Восхитительное чувство беззаботности появляется у героя книги с первой же минуты, когда он садится в почтовую карету, везущую его в Неваду.
"Карета быстро мчалась по дороге, шторки и наши пальто, висевшие в кожаных петлях, лихо развевались по ветру. Мы покачивались на мягких рессорах; стук копыт, щелканье бича, крики "Н-но, ходи веселей!" музыкой звучали в наших ушах; земля поворачивалась к нам, деревья кружились, словно молча приветствуя нас, а потом застывали на месте и глядели нам вслед не то с любопытством, не то с завистью".
А дальше пейзажи Дальнего Запада, странные и смешные звери, головорезы, старатели, озеро Тахо, найденные состояния, потерянные состояния, шутки, анекдоты и забавные истории, которые автор вставляет в свою повесть при всяком удобном случае или даже без прямого повода. Экая потеха эта американская жизнь! - как бы говорит автор своим читателям. Как весело живется на свете!
Следует сказать несколько слов о границах автобиографизма Твена в его художественном творчестве.
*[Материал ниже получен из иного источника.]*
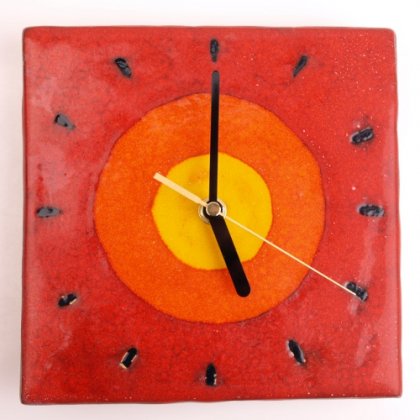 ceramiczny zegar z bardzo energetyzującym motywem. Posiada tradycyjny mechanizm i zawieszkę. Wymiary: 21x21cm. Polecam serdecznie
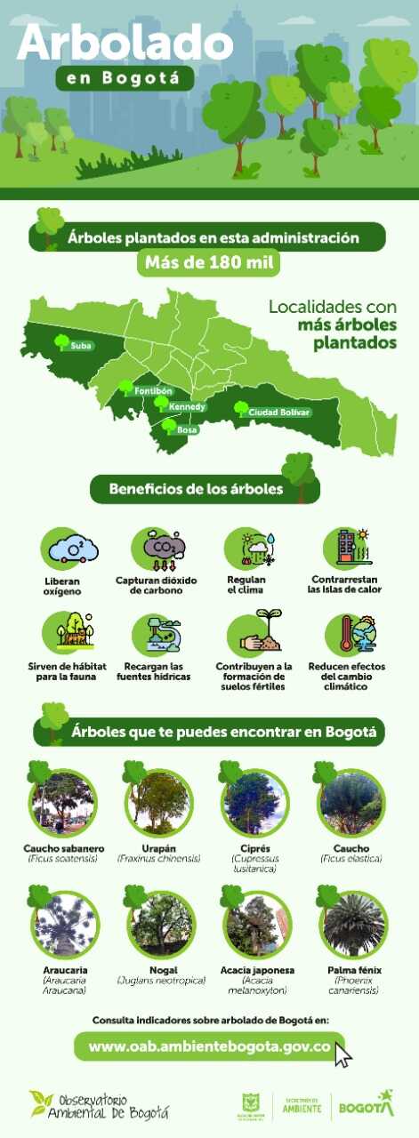 En la siguiente infografía y video puedes conocer más sobre el arbolado en Bogotá.
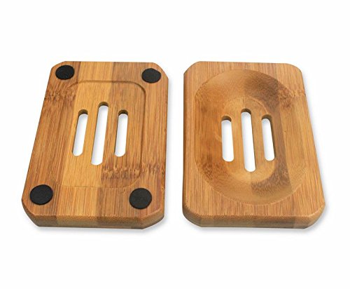 Labara Natural Bamboo Wood Soap Dish Storage Holder Bath Shower Plate Bathroom (4pcs)
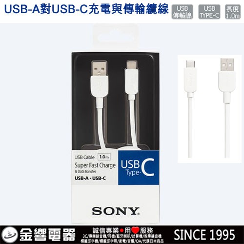 SONY CP-AC100/W白色(公司貨):::USB-C-USB-A,480Mbps高速傳輸,USB-A對USB-C充電與傳輸纜線,約1.0m,刷卡或3期,CPAC100
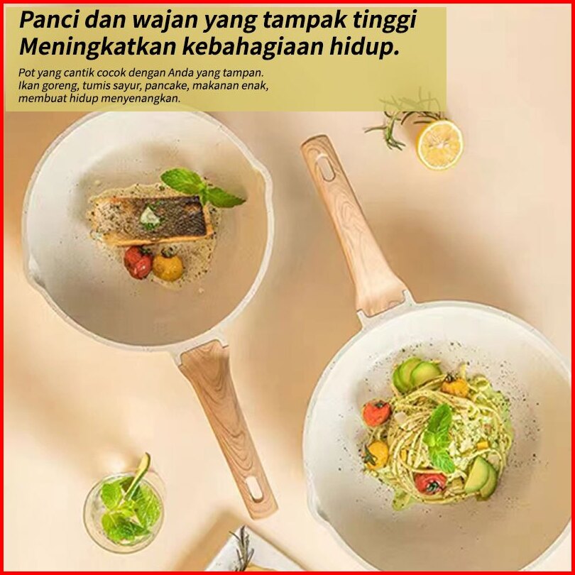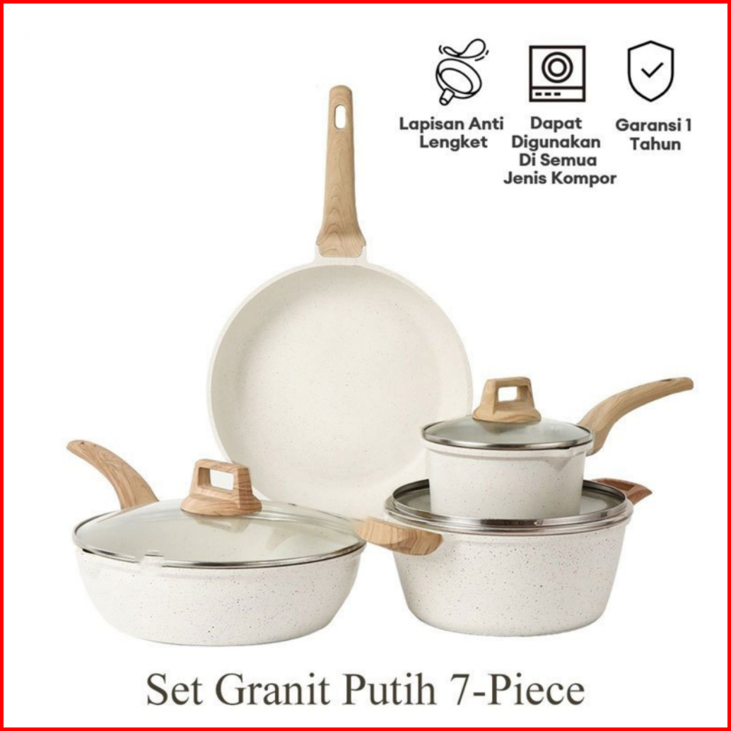 7pcs Putih Granit Antilengket Peralatan Masak Dapur Untuk Semua Kompor Panci Wajan Penggorengan Most Aesthetic Premium N
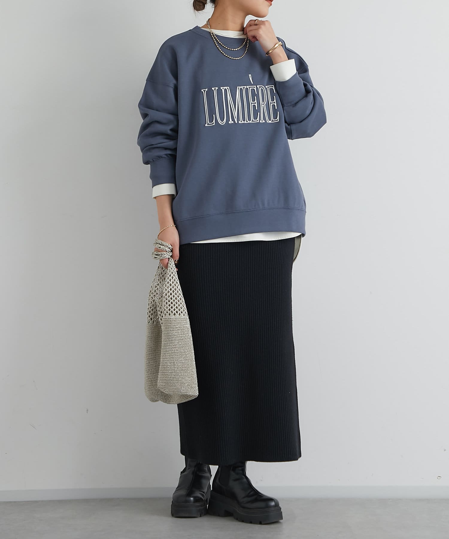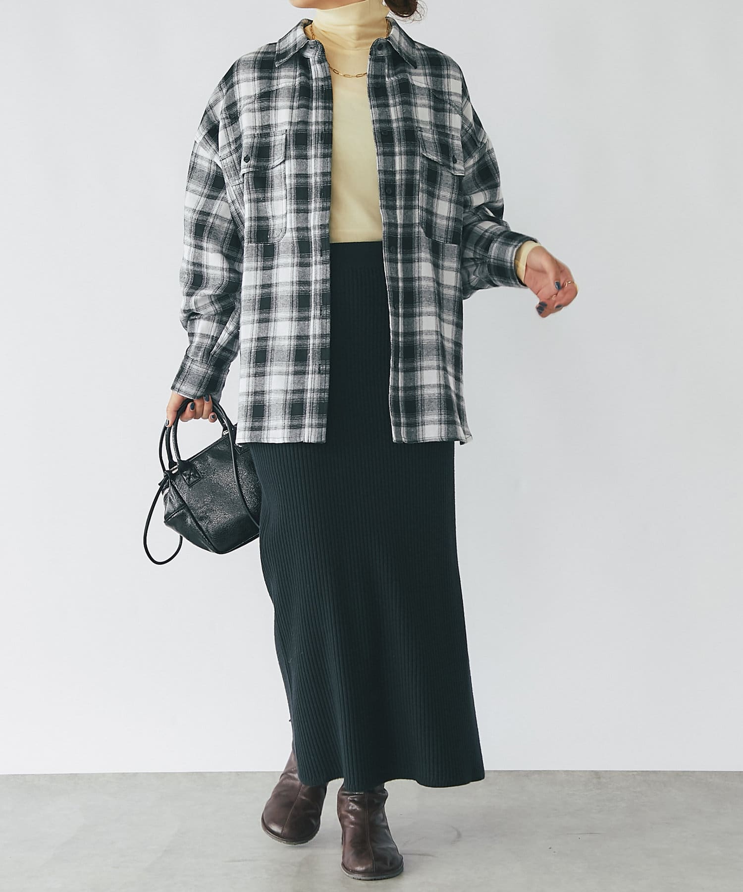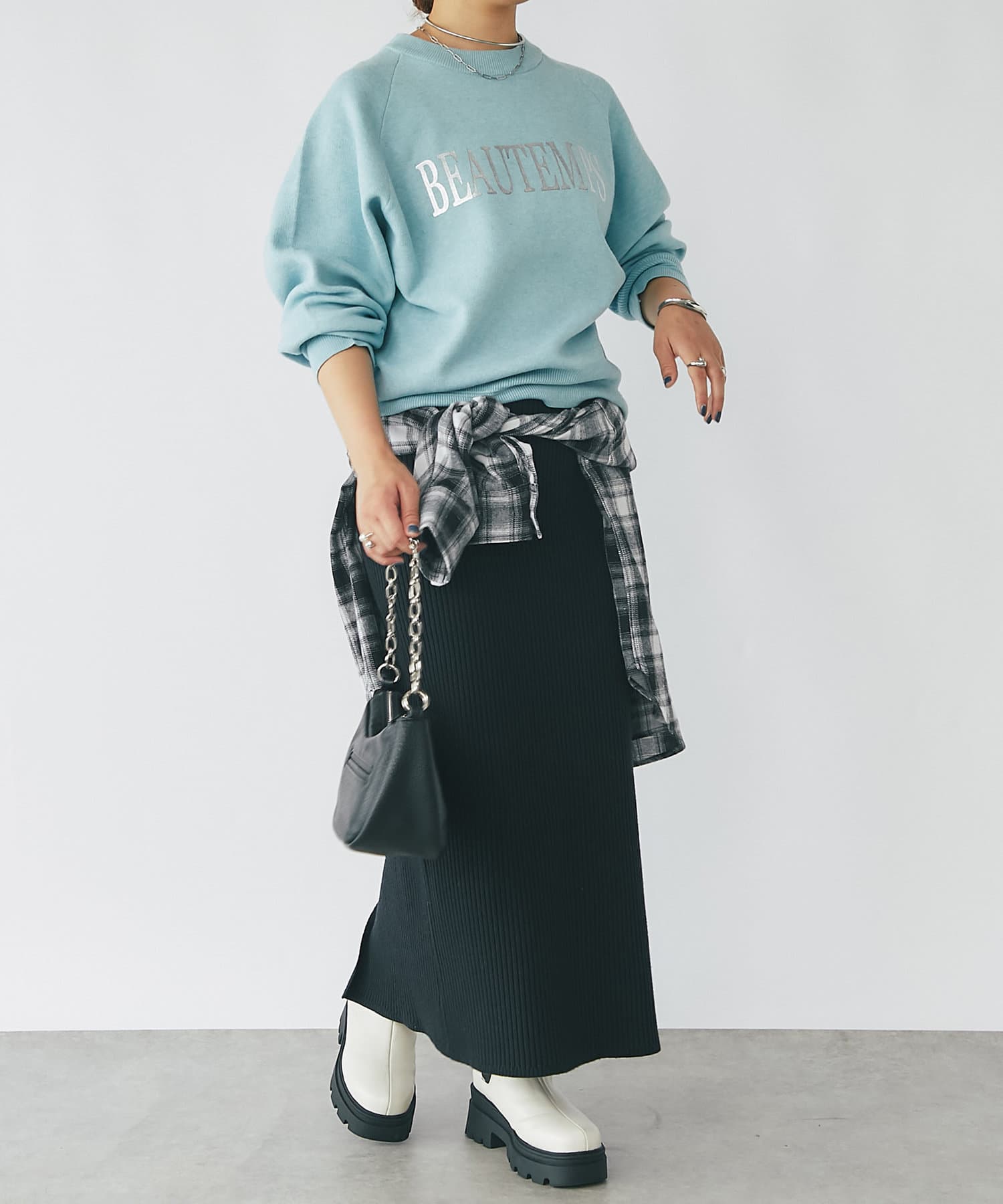 高身長な方は足首が出る着丈なので、ブーツやハイカットのスニーカー合わせがおすすめです。
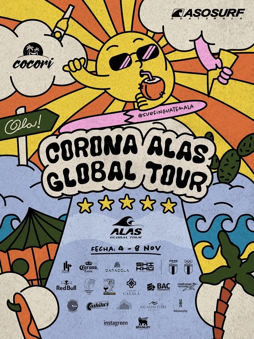 🌴 Organización nacional y respaldo institucional El Corona ALAS Global Tour Guatemala 2025 es coordinado por la Asociación Deportiva Nacional de Surf de Guatemala (ADNSURF), con el apoyo de grandes patrocinadores encabezados por Corona, marca reconocida por su compromiso con el surf y la conservación del entorno marino.
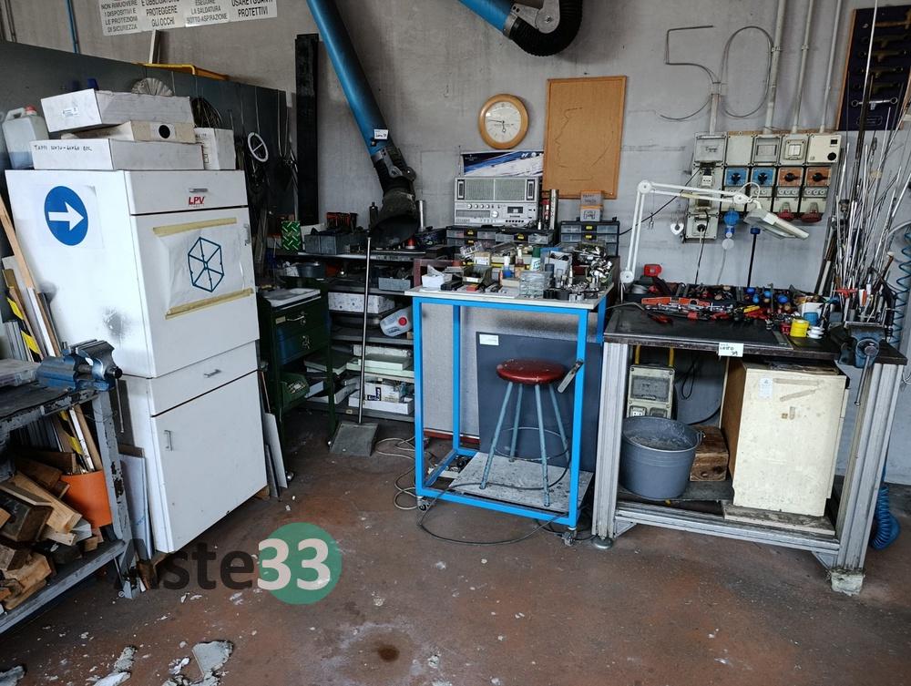 N.2 banchi da lavoro con morsa, carrelli, scaffale metallico, attrezzatura in sorte, piega tubi manuali
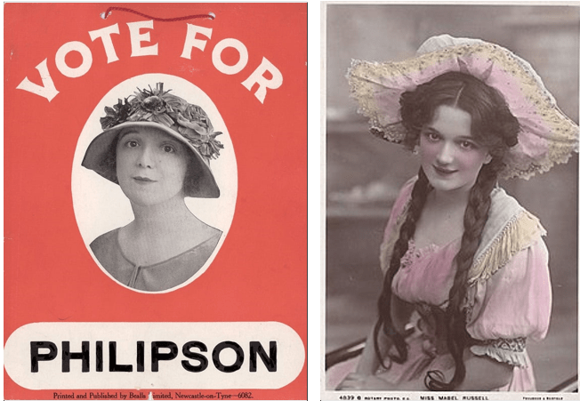 Before being elected to parliament Philipson had a successful career as a Gaiety Girl and comedy actress before moving into serious drama in 1913. She married her second husband, Hilton Philipson in 1917 and in 1922 he was elected as National Liberal MP for Berwick upon Tweed. However, he was unseated due to concerns about financial irregularities during his election campaign and was barred from standing again for 7 years. Philipson took his place though as a Conservative party candidate. Her theatricality was a vote winner and served her well on the hustings though her background did raise some eyebrows. She was elected in 1923 by a larger majority than her husband had been. Although Astor, Wintringham and now Philipson had been elected to their husbands’ seats, Philipson in particular ‘was seen as somewhat lightweight and one of the less active women MPs’.
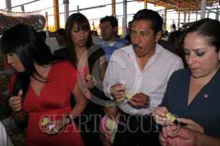MÉXICO, D.F., 12ABRIL2007.- Se llevo acabo la 2a muestra gastronómica del nopal en el municipio de Milpa Alta, como una forma para promover su consumo. El delegado de Milpa Alta Jose Luis Cabrera y la secretaria de turismo Alejandra Barrales, aprovecharon la ocasión para degustar el nopal en sus distintas formas de preparacion. FOTO: EZEQUIEL TLAXCALA/ CUARTOSCURO.COM
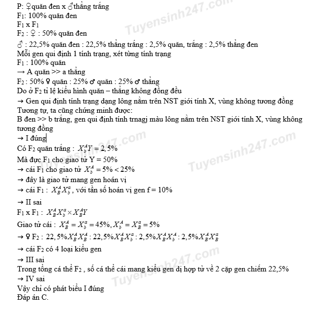 Một loài thú, cho cá thể cái lông quăn, đen giao phối với cá thề đực lông thẳng, trắng (P), thu được F1 gồm 100% cá thể lông quăn, đen. Cho F1 giao phối với nhau, thu được F2 có kiểu hình phân li theo tỉ lệ: 50% cá thể cái lông quăn, đen : 22,5% cá thể đực lông quăn, đen : 22,5% cá thề đực lông thẳng, trắng : 2,5% cá thể đực lông quăn, trắng : 2,5% cá thể đực lông thẳng, đen. Cho biết mỗi gen quy định một tính trạng và không xảy ra đột biến. Theo lí thuyết, có bao nhiêu phát biểu sau đây đúng?
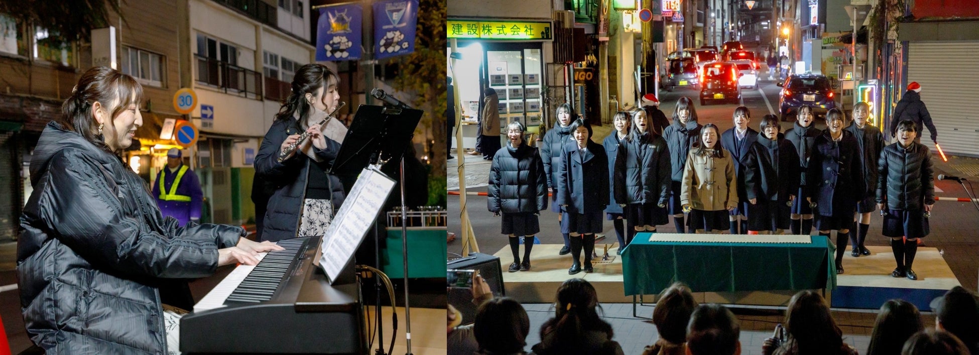 12月14日(土)の点灯式では、ピアノ・フルートデュオ「えみゆか」や埼玉県立熊谷女子高等学校音楽部によるクリスマスコンサート、そして会場一体となった合唱など、多彩な音楽イベントが開催され、冬の星川に華やかな彩りを添えました。点灯式イベントは星川夜市とともに、冬の星川に賑わいを創りました。オキナヤは、今後もこのような地域貢献活動を通じて、地域の魅力創りを続けて参ります。
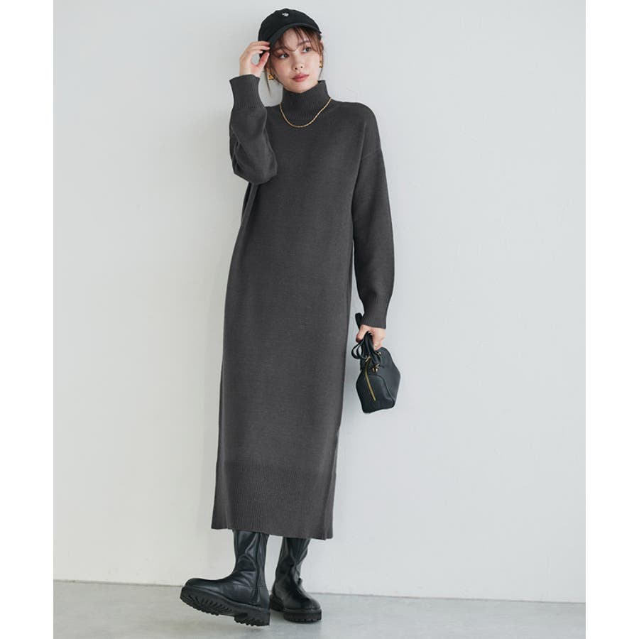 もっちりカシミヤタッチハイネックロングニットワンピース ニットワンピ
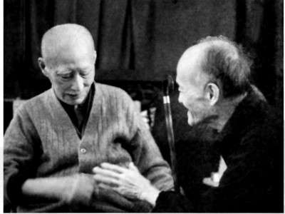 1987年秋,叶圣陶(左)在寓所与王泗原交谈。作者供图
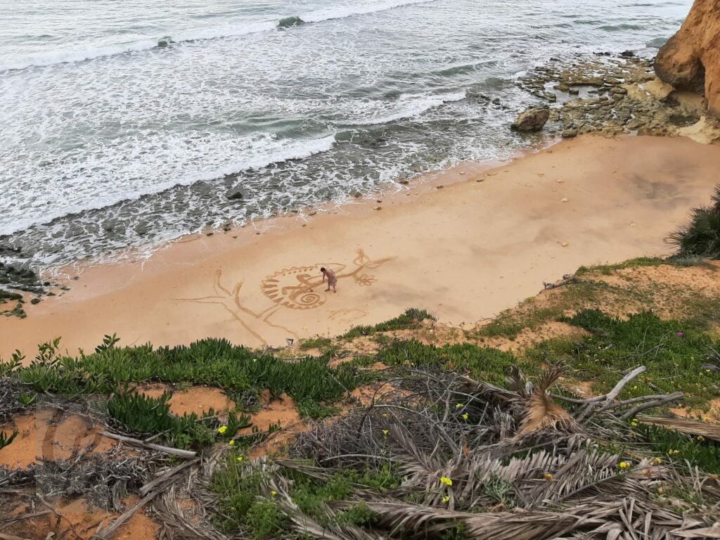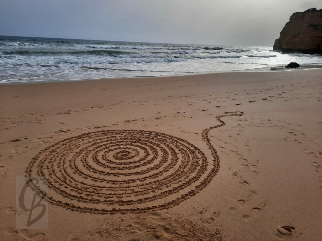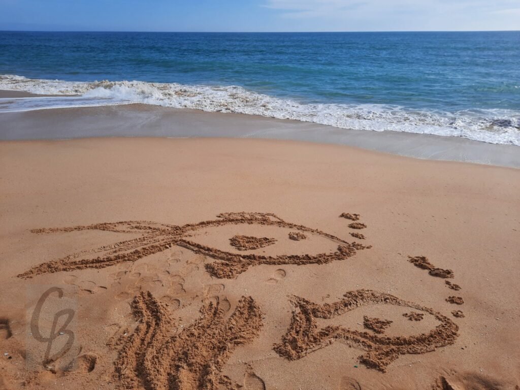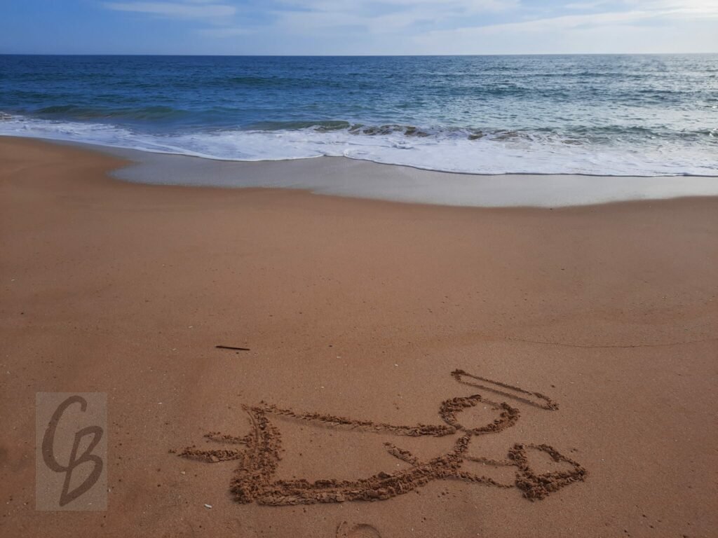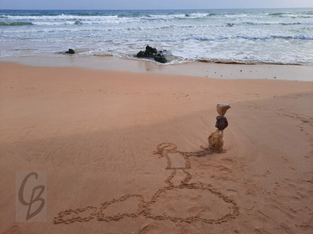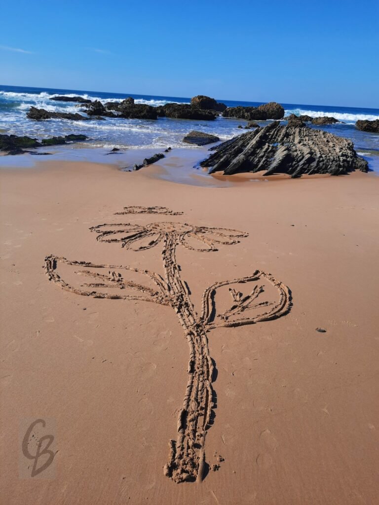 Mit einem Garten-Rechen kann ich bei Ebbe wunderbar auf riesiger „Leinwand“ malen.
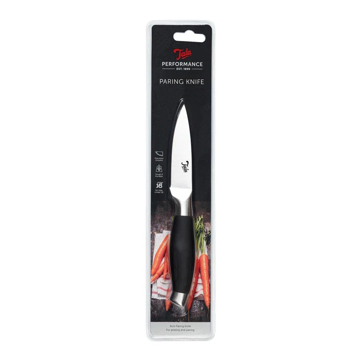 The 9cm Tala Paring Knife adds precision and comfort to the kitchen. Features a superior steel manganese infused blade for maximum durability. Includes soft non-slip grip handle for superior comfort and a safe secure hold for intricate tasks.
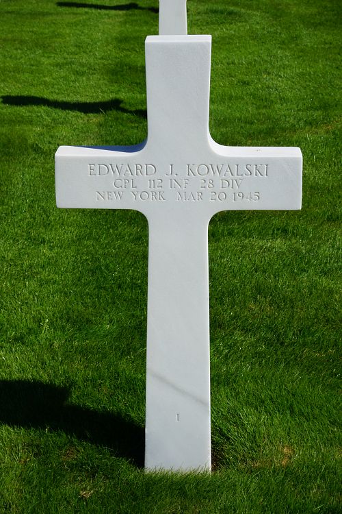 Cpl Edward J. Kowalski was a bartender before he enlisted at Fort Niagara, Youngstown, New York, on 17 March 1942.Source of information: Peter Schouteten, TerryHirsch, www.abmc.gov, www.wwiimemorial.com, www.archives.gov – WWII Enlistment Record, www.ancestry.com - Headstone and Interment Record / 1930 Census, www.findagrave.com – Russ Pickett, WWII Draft Card
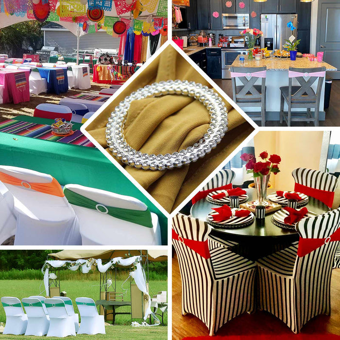 - Uses: Add Glamour and Charm to your Chairs in any Events, Hotels, Restaurants, Wedding, Party, Event, Banquet, Decoration. Also used to tie the Cocktail Tablecloth, Drapes and Gift Bows.
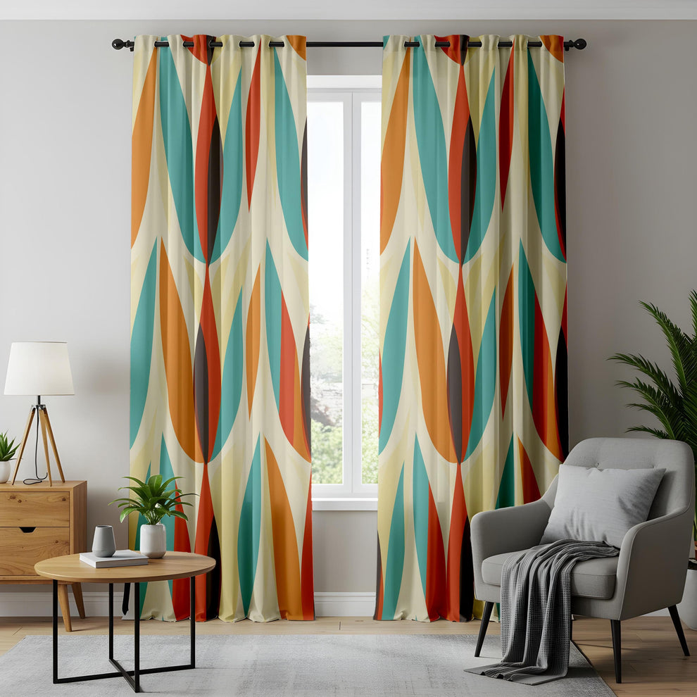 Retro Living Room Curtains, Mid-Century Drapes, Orange and Teal Oval Pattern

Полностью отождествлять Марка Твена и "я" его юмористики нельзя даже тогда, когда повествующий герой носит имя "Марк" или "мистер Твен". Будет, однако, не менее ошибочным забывать об автобиографизме художника в тех случаях, когда тот же персонаж как бы стремится "эмансипироваться" от автора и полностью превратиться в условно-комическую маску. В большинстве случаев автобиографический герой Твена - это сплав личности автора и комической маски при обязательном и безусловном преимуществе точки зрения автора во всем, что касается общего взгляда на жизнь и моральных оценок.
В герое "Закаленных" как бы присутствуют три персонажа: первый - Сэмюель Клеменс, старатель и начинающий журналист начала 1860-х годов в Неваде и Калифорнии, второй - Марк Твен, писатель-мемуарист начала 1870-х годов, и третий - безыменный юмористический персонаж, от имени которого писатель привычно ведет свое повествование. И тем не менее книга сохраняет автобиографическое единство, которое позволяет рассматривать выраженный в ней взгляд на жизнь как точку зрения автора.